[Originally written December 2017]
On the right, a Christmas tree. Old fashioned bubble lights mostly working, a couple of snowball lights already out, Hallmark ornaments galore. On the left, what can only be termed an eclectic Bethlehem. The nativity scene set up in the front, with an old school New England flower shop, a gasoline station, an observatory and a lighthouse surrounding it. Try not to miss the baby monitor in the foreground, and the Guatemalan doll hovering over the nativity. Yes, that is a Horton Funko Pop doll lurking in the background. Stockings hung behind all of it. Monogramed, of course — with a Doctor Who light string gracing the mantel. Like I said, eclectic. It will all be up through the Epiphany. For the unenlightened, that means January. The Christmas Season doesn’t end in this house until the Wise Men arrive (given this political climate it may be a while longer, and will, undoubtedly, be mostly women). The sun is shining in brightly, a little too brightly, straight into my eyes, through the window.
Outside, Husband is shoveling the snow — all single inch of it. OK, he’s really taking the dusting off of the cars and sidewalk and throwing down ice melt; not quite as glamorous. My eyes go from the keyboard to the baby monitor. The Kid is still asleep, breathing audibly on the monitor. Nap undisturbed. Memories of Christmases Past flood my thoughts.
“Para que quiero yo eso?” her words, sharp with disappointment cut right through me. The first gift I had ever purchased for my mother on my own; “what do I want that for?” I was six years old.
“There is no Santa Clause.” I was eight years old.
“Santa is down the block. We better get to sleep,” my cousin Norty said. I was 10 years old, he was nine.
The children’s table on the terrace of the house on 122nd Ave. My cousins. Uncle Norton’s loud laughter. I was 11 years old.
Coming “home” for Christmas: “Isn’t the tree beautiful? my mother asked. “Gorgeous,” I replied. The tree hadn’t been watered in weeks. It was dried out and a fire hazard. My parents were suddenly much older than I realized.
A short cry on the monitor and I’m back in the present. The Kid must be dreaming. I implement the pause, count to three, and wait. He settles back down. I water the Christmas tree.
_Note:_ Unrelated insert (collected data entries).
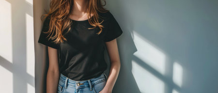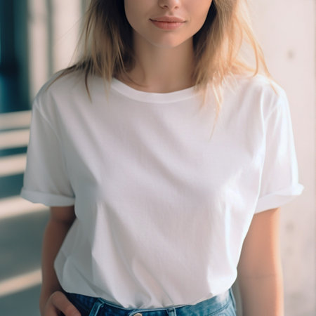 Young woman wearing white cotton t-shirt, styled photo, mock-up. Created with Generative AI technology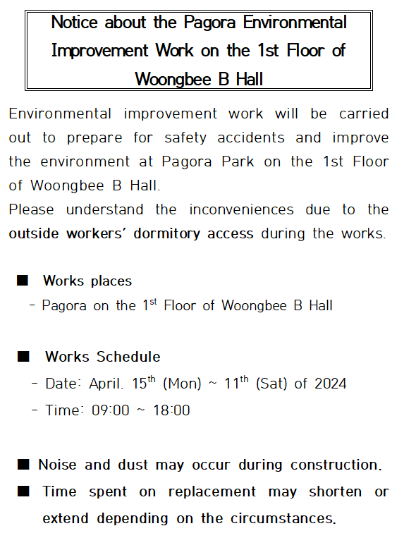 웅비관 B동 1층 파고라 환경개선공사 안내 Notice about the Pagora Environmental Improvement Work on the 1st Floor of Woongbee B Hall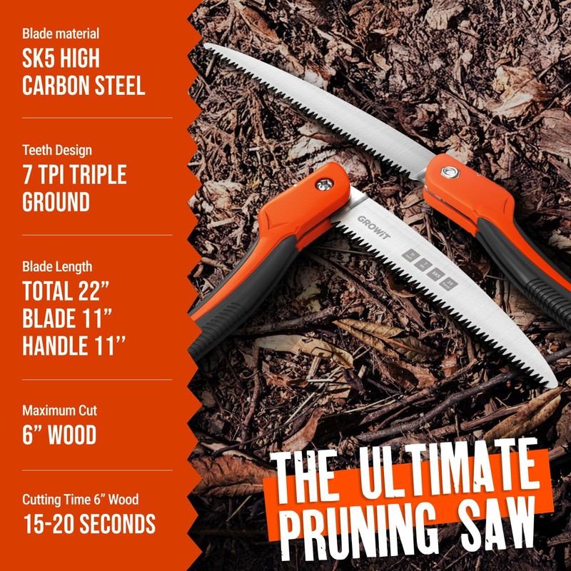 GROWIT Folding saw 11 Inch - Heavy Duty Pruning Saw with Triple-Cut SK5 Blade, 7 TPI Razor Teeth for Tree Trimming, Wood Cutting, Camping, Bushcraft, and Gardening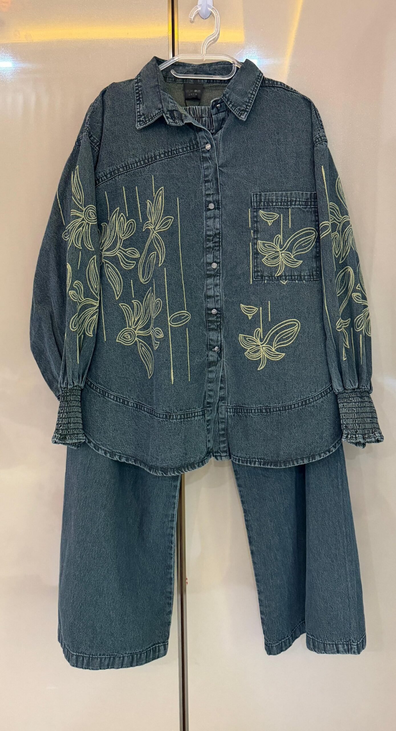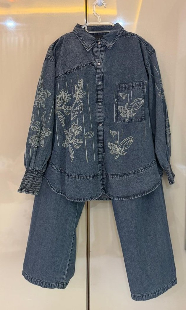 Blends effortless comfort with artistic detailing. Crafted in soft, breathable denim, this relaxed-fit shirt and wide-leg pant set features delicate floral line embroidery that adds a subtle statement to everyday dressing. Designed for modern modest wear, it offers a laid-back yet polished look—perfect for casual outings, travel days, or elevated everyday wear.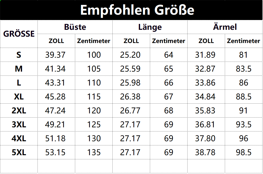 • Vorschlag:* Diese Daten wurden aus der manuellen Messung des Produkts erhalten, es kann um 0,03-0,06 ZOLL/1-3 CM aus geschaltet sein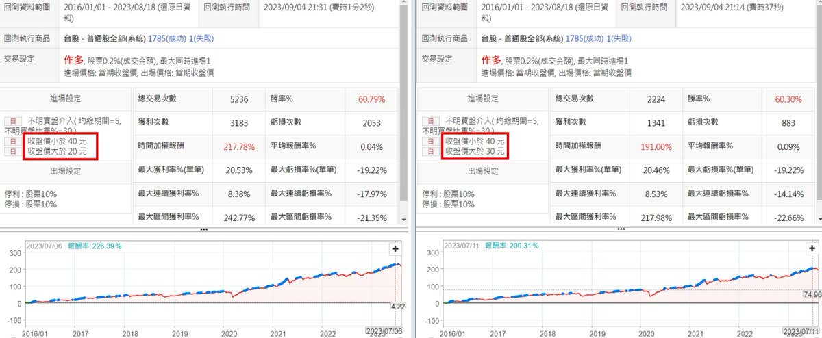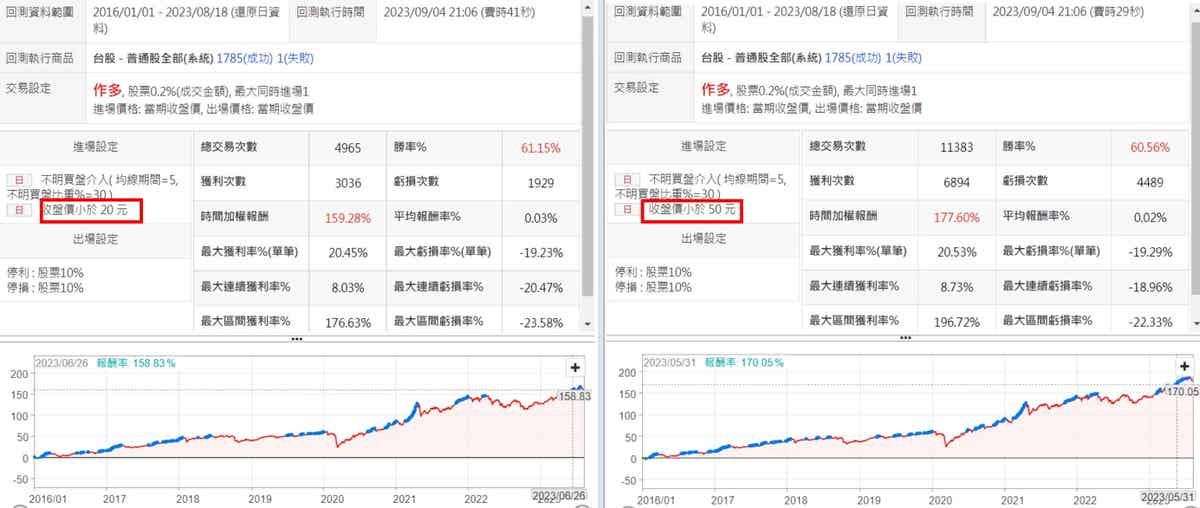 將價格限制在20跟50以下回測,勝率都提升到60%,表現也一樣都差不多
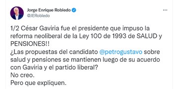 Sin embargo hubo algunos políticos como Jorge Enrique Robledo quienes se mostraron preocupados por esta unión. “César Gaviria fue el presidente que impuso la reforma neoliberal de la Ley 100 de 1993 de SALUD y PENSIONES!!¿Las propuestas del candidato Gustavo Petro sobre salud y pensiones se mantienen luego de su acuerdo con Gaviria y el partido liberal? No creo. Pero que expliquen”,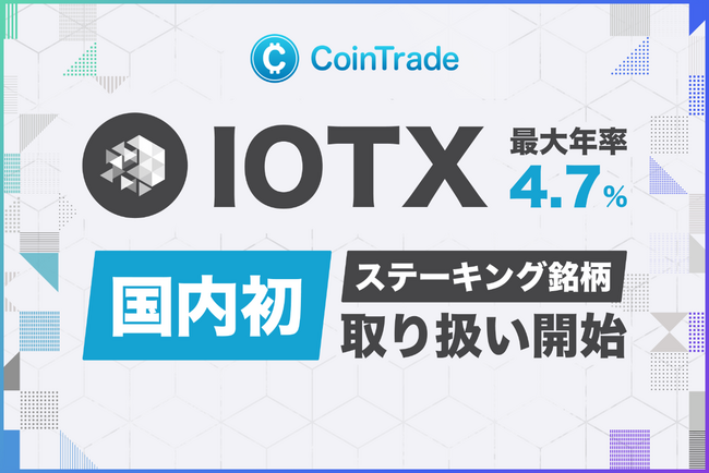 ステーキングサービス「CoinTradeStake」において 新規暗号資産アイオーテックス(IOTX)の取扱いを開始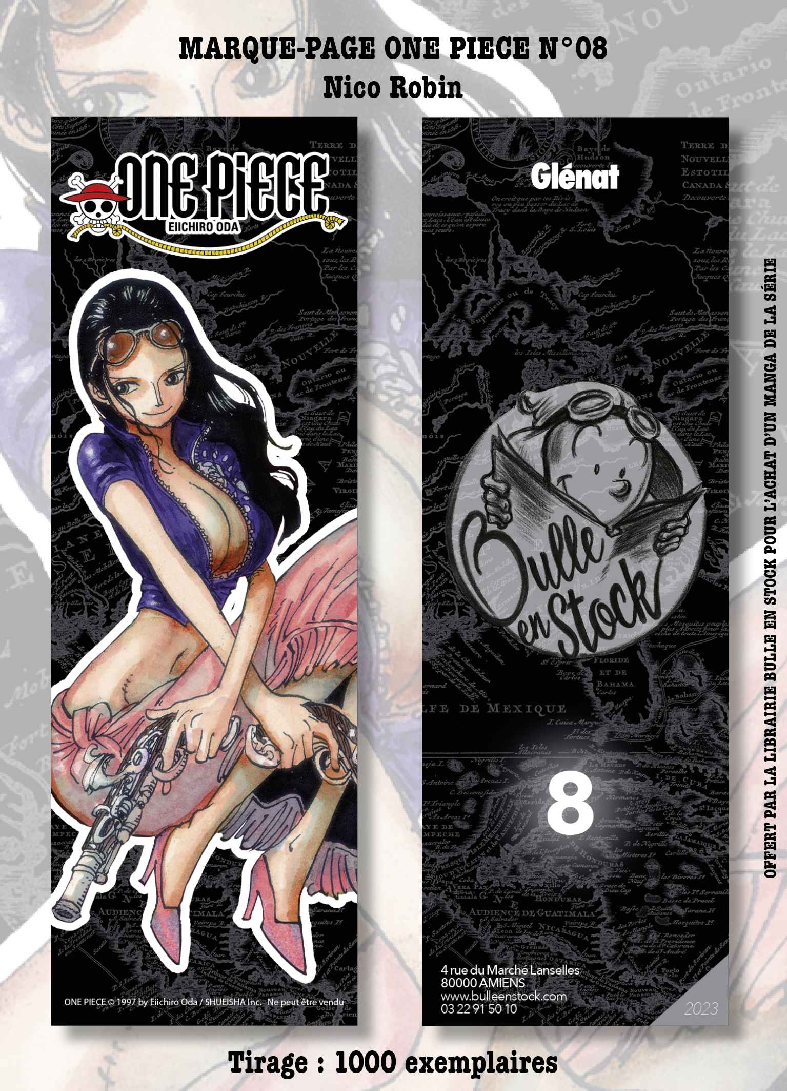Ce Marque-page est offert uniquement à l'achat d'au moins un volume de "ONE PIECE" aux éditions GLENAT (hors occasion), et sera limité à 2 exemplaires par personne quelque soit la commande (1 manga = 1 MP, 2 mangas ou plus = 2 MP). Tirage limité à 1000 exemplaires. Étant une édition exclusive de la librairie BULLE EN STOCK, ce marque-page ne sera disponible que sur www.bulleenstock.com et dans la librairie ! - Imprimé sur du papier 350g, avec une finition Soft Touch, du Vernis selectif 3D, ce marque-page saura ravir les collectionneurs !

The Christmas Season is a tough one to get through. It’s not because of the ghosts. They are always around — memories are always keen to remind you of your past; people are always ready to confront you with your present; and the future, we are told and hope, is always being molded. Christmas is tough because it’s known as “the most wonderful time of the year.” “Wonderful,” however, is a tough adjective to survive. Most words wither next to it. Think about it.
Even assuming perfection, who can survive wonderful? Can anybody really survive wonderful 24/7 for an entire season? The Hallmark Channel does its best with its annual affliction of nonstop Christmas movies. Pandora, Amazon Music, and Spotify each sport multiple Holiday music channels practically year-round. The Christmas creep starts earlier and earlier. This year I saw a store put Christmas decorations up before Halloween had passed — screw Thanksgiving. And, we are expected to keep up. Regardless of religion, regardless of politics, regardless of beliefs. I will be merry, I will be bright — whether or not I will be white is still up for debate (i.e. whether ethnicity and race are conflated).
Bah humbug. Wonderful is exhausting.
So, this year we aimed for ordinary. The decorations went up at some point. The cards went out. The Kid did not get a new Christmas outfit. We managed to make some gingerbread ninjas. And, Noche Buena was a semi-traditional Cuban delight. The Christmas Puzzle (a tradition we started last year — nothing like long-held traditions) is unassembled and in the box; so are the gingerbread houses, and gingerbread sweaters (overachieve much?). We saw Santa and got a picture; all three of us. Santa, two dads, and a baby. Classic. Ordinary.
As for all of the wonderful plans that could have been, they will have to wait. The journey, is not a race, it’s a stroll. We’re in no hurry to get to the destination. And, if we race, we would certainly race by moments like this:
On Christmas morning, at all of 18 months, The Kid doesn’t distinguish Christmas Day from any other day of the year. He looked at the Christmas tree with all of the presents Santa had left and registered, in a word: nothing. We coaxed him into unwrapping his packages — engaging him in the fun of destroying paper. This, of course, he thoroughly loved. With every rip and every tear, he let out a squeal of delight and began spinning like a whirling dervish.
It was wonderful.
Beautiful memory Alex. Here with your 4 mos. old namesake. She exchanges delighted nonsense syllables with me and stares at the tree…after all…lights. How to slow down these moments?